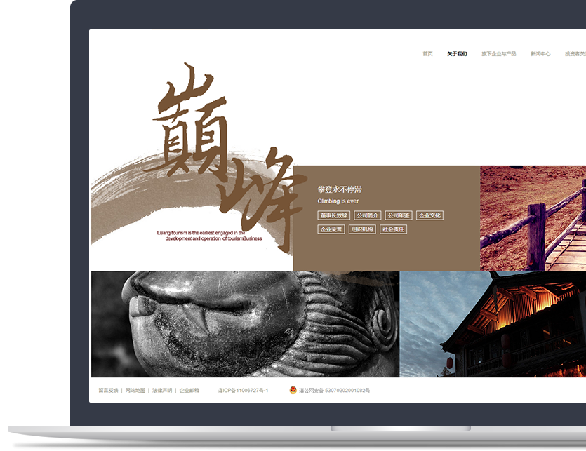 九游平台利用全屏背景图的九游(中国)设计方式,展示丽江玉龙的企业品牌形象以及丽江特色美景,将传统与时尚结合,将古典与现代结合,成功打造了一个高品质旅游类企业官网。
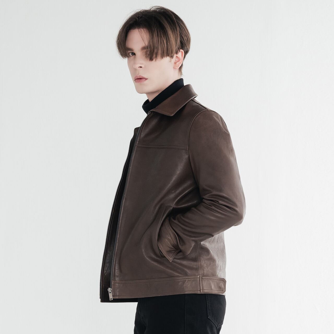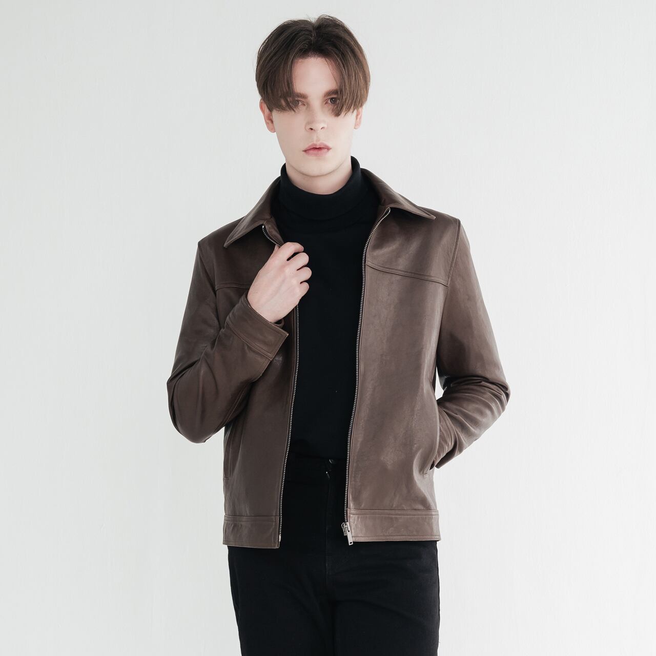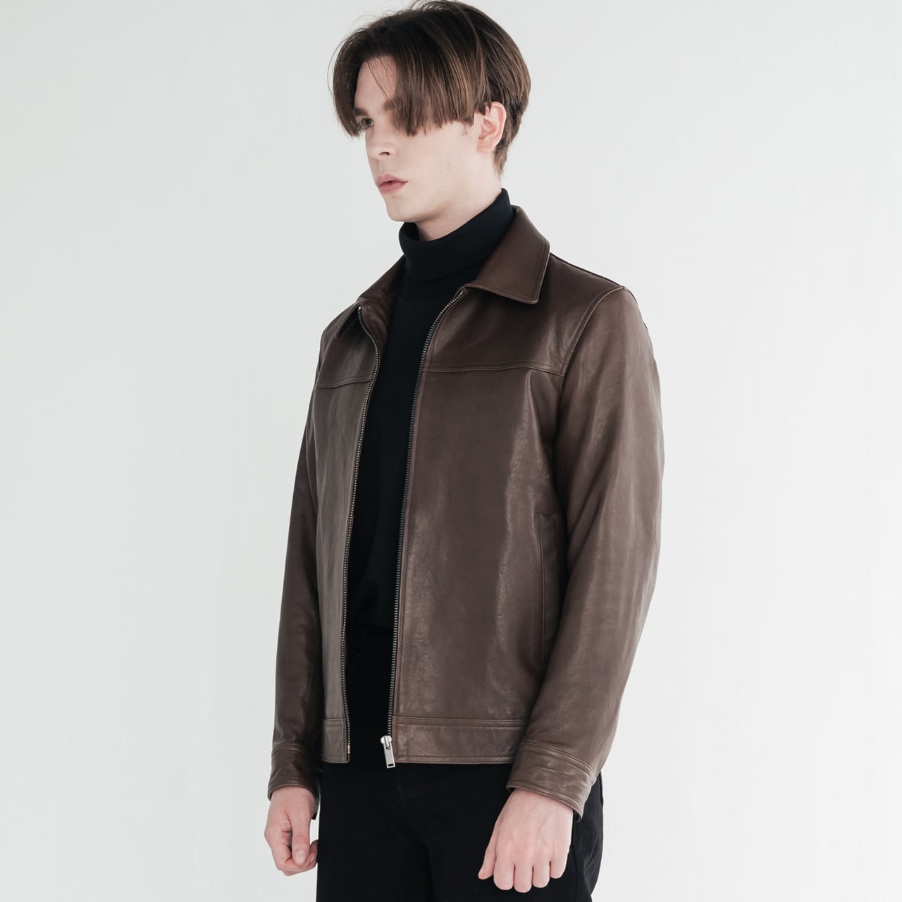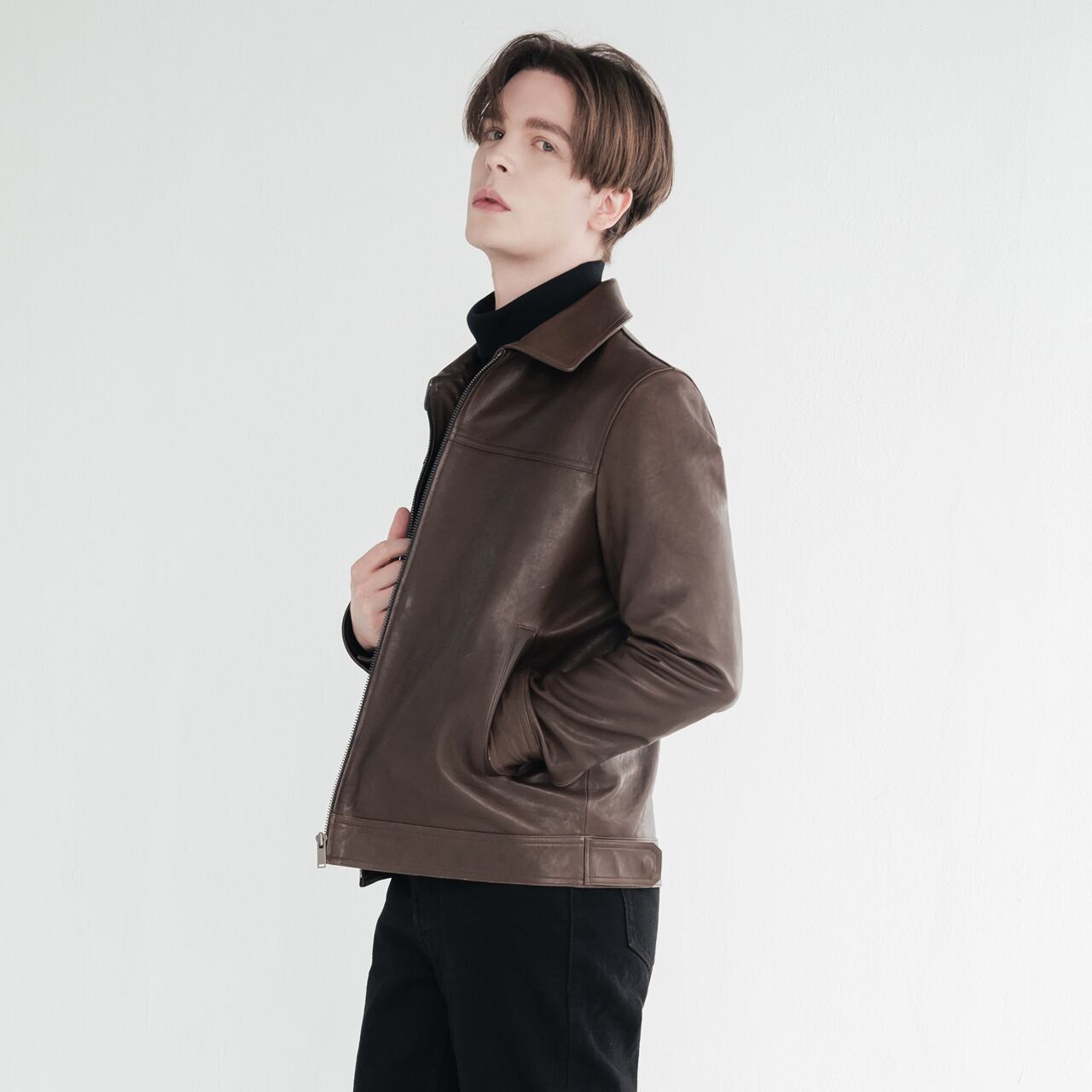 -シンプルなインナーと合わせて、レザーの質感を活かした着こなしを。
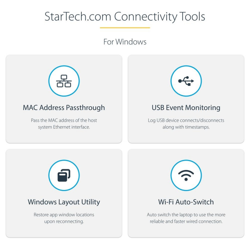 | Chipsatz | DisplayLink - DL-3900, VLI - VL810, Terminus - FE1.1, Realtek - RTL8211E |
---
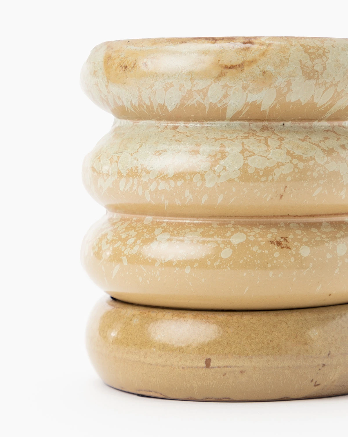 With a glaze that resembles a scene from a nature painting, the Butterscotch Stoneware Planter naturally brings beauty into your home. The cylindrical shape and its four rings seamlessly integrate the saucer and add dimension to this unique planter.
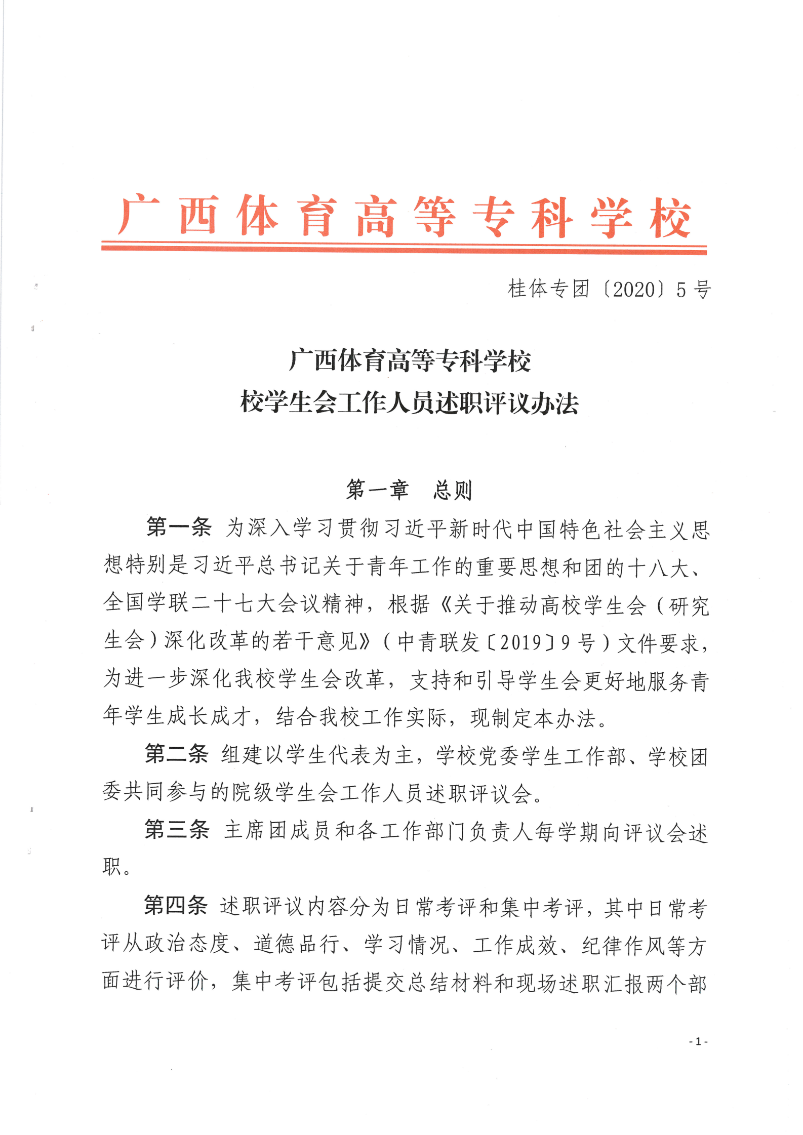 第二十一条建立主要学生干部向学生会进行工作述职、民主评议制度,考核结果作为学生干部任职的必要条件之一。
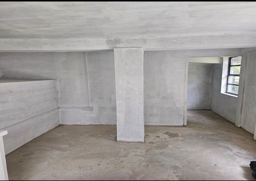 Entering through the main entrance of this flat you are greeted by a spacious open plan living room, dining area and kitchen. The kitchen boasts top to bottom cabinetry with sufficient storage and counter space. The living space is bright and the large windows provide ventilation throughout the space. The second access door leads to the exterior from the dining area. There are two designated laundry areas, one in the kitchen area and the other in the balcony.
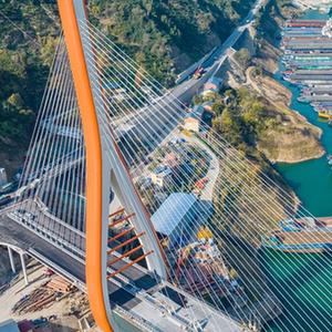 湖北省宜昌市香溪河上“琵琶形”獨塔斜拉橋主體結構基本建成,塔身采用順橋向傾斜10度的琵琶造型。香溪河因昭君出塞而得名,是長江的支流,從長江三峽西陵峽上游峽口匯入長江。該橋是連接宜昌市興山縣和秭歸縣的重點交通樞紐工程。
---
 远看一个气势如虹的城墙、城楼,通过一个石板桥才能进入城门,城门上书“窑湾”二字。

WHAT YOU WILL DO:
When copying from the data above, begin at the line containing "-シンプルなインナーと合わせて、レザーの質感を活かした着こなしを。" and end at the line containing "- RTL8211E |"; return those lines exactly and leave all pictures behind.

ANSWER TO THE PROBLEM:
 -シンプルなインナーと合わせて、レザーの質感を活かした着こなしを。
 | Chipsatz | DisplayLink - DL-3900, VLI - VL810, Terminus - FE1.1, Realtek - RTL8211E |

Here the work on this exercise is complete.